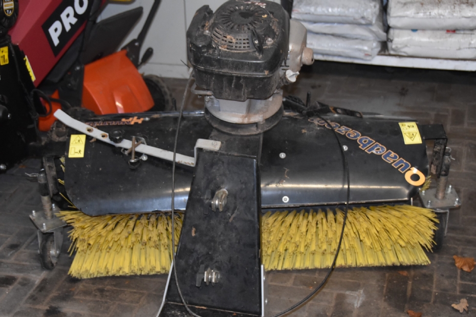 This mini leaf vacuum trailer can also be used to clear other debris, like clippings from the many hedges. It's easy to hitch and unhitch. The same goes for the 120 cm-wide powered sweeper brush that mounts on the front of the quad. It, too, is powered by a similar Honda four-stroke engine.
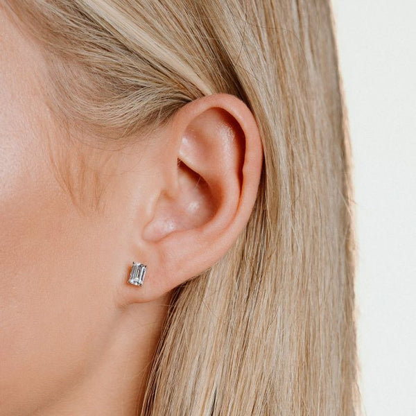 These stunning stud earrings features princess cut cubic zirconia stones, perfect for making a dazzling statement. The stones are set in sterling silver that also has a protective three-layer plating.
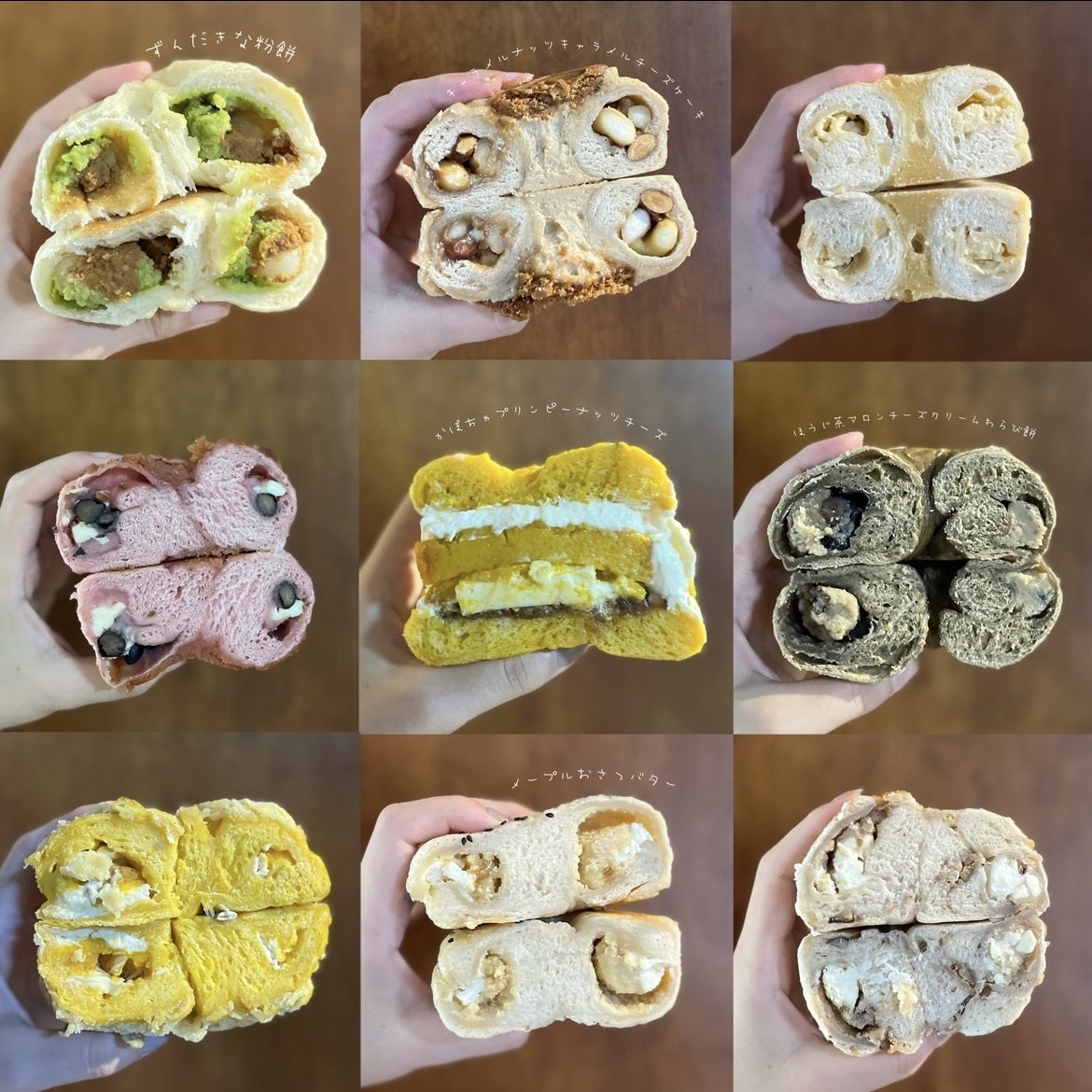 この一つの中にベーグルの中に黒胡麻ピーナッツ八橋風餡子も求肥もピーナッツチーズケーキもピーナッツクランブル全て詰まってます。全て自家製です。

- Exercise brief
Copy the listing exactly. Leave the pictures out.

- Response
 This mini leaf vacuum trailer can also be used to clear other debris, like clippings from the many hedges. It's easy to hitch and unhitch. The same goes for the 120 cm-wide powered sweeper brush that mounts on the front of the quad. It, too, is powered by a similar Honda four-stroke engine.
 These stunning stud earrings features princess cut cubic zirconia stones, perfect for making a dazzling statement. The stones are set in sterling silver that also has a protective three-layer plating.
 この一つの中にベーグルの中に黒胡麻ピーナッツ八橋風餡子も求肥もピーナッツチーズケーキもピーナッツクランブル全て詰まってます。全て自家製です。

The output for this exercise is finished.